Is there a specific theorem to prove a^2 + b^2 > ab?

 

I will assume that a and be are in the set of real numbers.

 

If and a and b are both  0 then it is not true

If one is zero but not the other than LHS is positive and RHS is 0 so it will be true

 

If a or b (but not both) is negative then the RHS is positive and the LHS is negative so it will be true

 

So I am just left to prove it is true if a and b both have the same sign. (and not 0)

 

\((a-b)^2=a^2+b^2-2ab\\so\\ LHS=a^2+b^2\\ LHS=(a-b)^2+2ab\\ LHS=ab+[(a-b)^2+ab]\\ LHS=ab + \text{a positive number}\\ LHS >ab\\ LHS>RHS\)

 Feb 10, 2023
 #2
avatar+939 
+1

Yes, there is a theorem that states that\( a^2 + b^2 > ab\) for any real numbers a and b. This theorem is known as the Cauchy-Schwarz inequality.
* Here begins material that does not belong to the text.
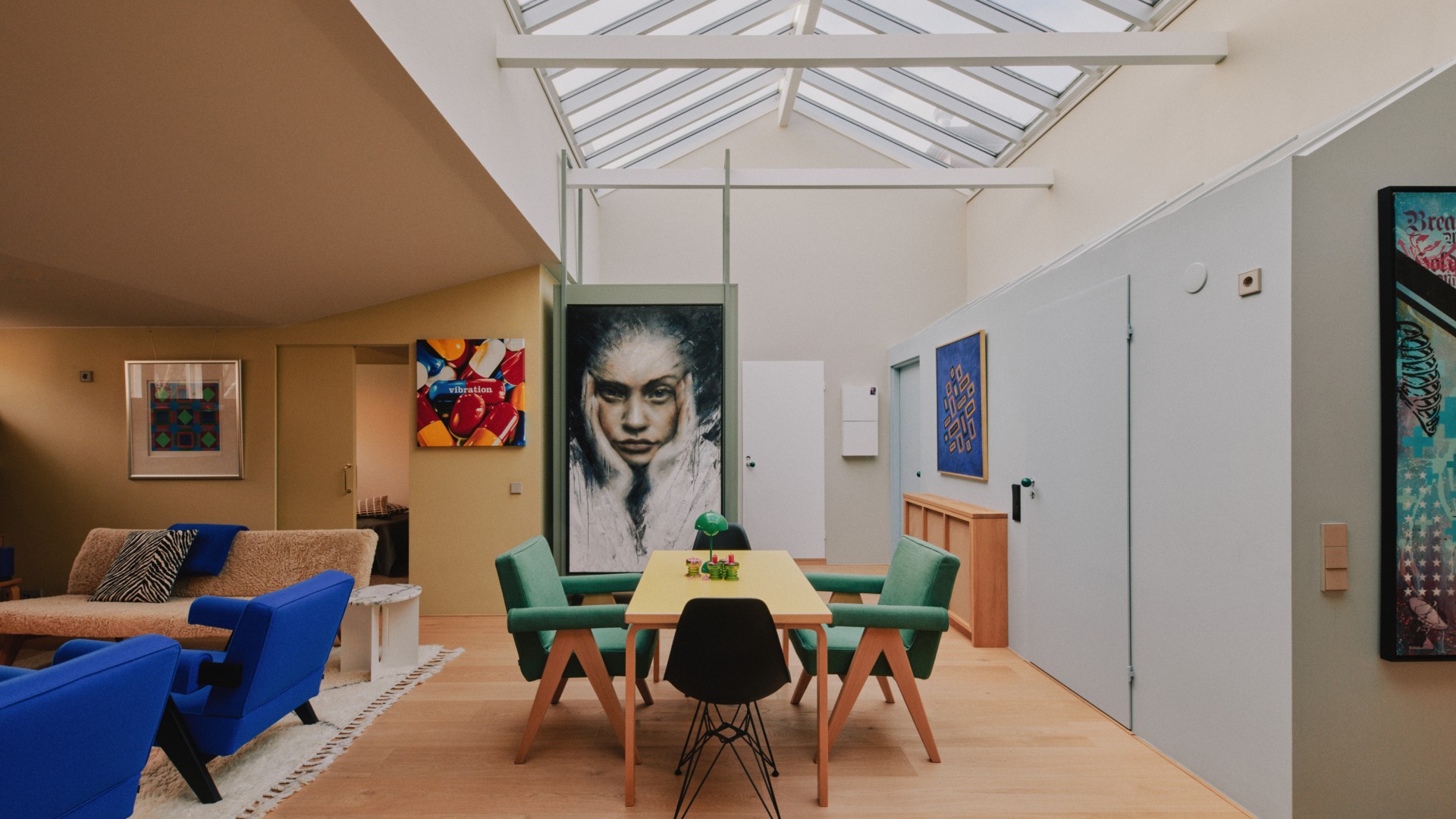 The homeowner is an art and design enthusiast, and the interior was conceived as a “colourful canvas” for his collection. The client was closely involved throughout the process, sourcing specialised craftsmen skilled in trimless door and window solutions and selecting vintage door hardware installed throughout the home. The result reflects both his commitment and the high level of craftsmanship achieved across the project.

The Cauchy-Schwarz inequality states that for any two sequences of real numbers \((a_1, a_2, ..., a_n)\) and \((b_1, b_2, ..., b_n)\), we have:

\((a_1^2 + a_2^2 + ... + a_n^2)(b_1^2 + b_2^2 + ... + b_n^2) >= (a_1 b_1 + a_2 b_2 + ... + a_n b_n)^2\)
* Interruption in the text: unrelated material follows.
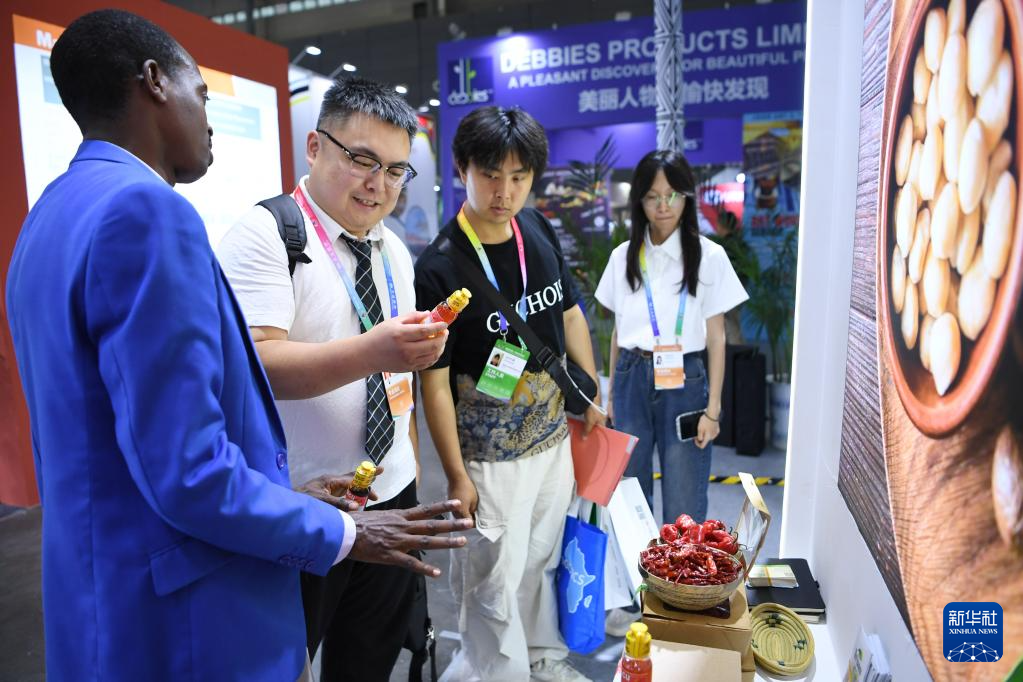 6月12日,在长沙国际会展中心,参观者在南非展台咨询。新华社记者 王婧嫱 摄pagebreak
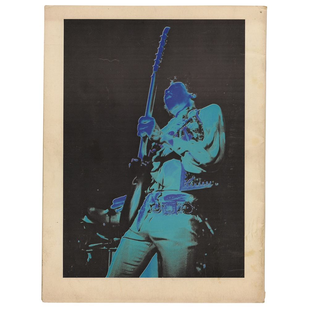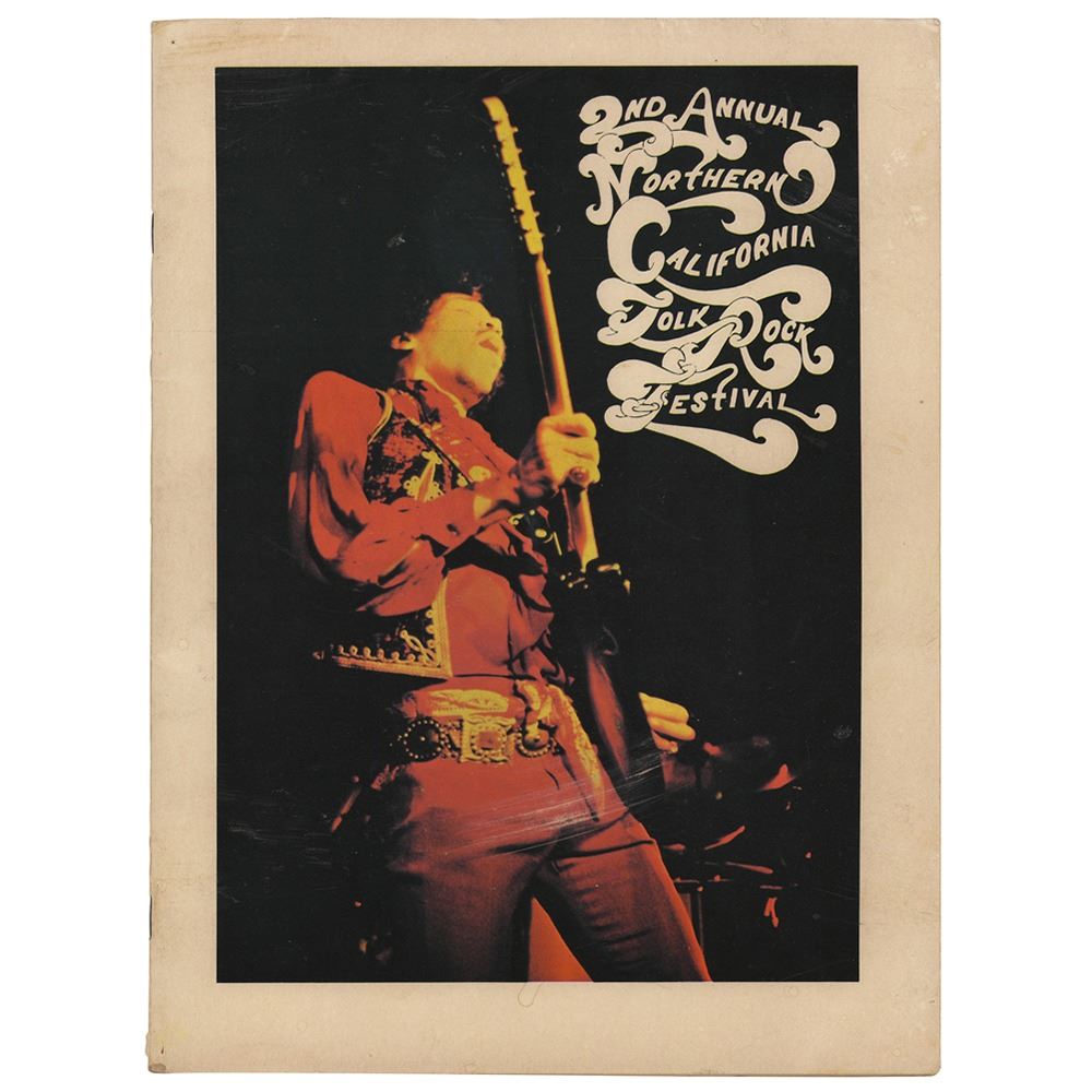 Extremely rare original program for the 2nd Annual Northern California Folk-Rock Festival held at the Santa Clara County Fairgrounds in San Jose, California, on May 23-25, 1969, 8.5 x 11.5, 20 pages, which features an opening letter from KROQ-FM program director Rick Carroll, and terrific images of the scheduled performers: the Jimi Hendrix Experience, Jefferson Airplane, The Chambers Brothers, Eric Burdon, Canned Heat, Steve Miller, Chuck Berry, and more. In fine condition, with light scuffs, stains, and creases to covers, with a pin hole to upper left corner passing through the entire program.

Taking \(n = 2\), we have:

\((a^2 + b^2)(b^2 + b^2) >= (ab + ab)^2\)

Expanding the right-hand side and cancelling the \(b^2\) terms, we get:

\(a^2 + b^2 > ab\)

So, for any real numbers a and b,\( a^2 + b^2 > ab\).

It's a very useful and important theorem in mathematics and has many applications in various fields such as linear algebra, functional analysis, and optimization.

 Feb 11, 2023
edited by Mathefreaker2021  Feb 11, 2023
 #3
avatar+118616 
0

Thanks Mathfreaker.    cool

 

I will point out however that It doesn't work if a and b are both 0. 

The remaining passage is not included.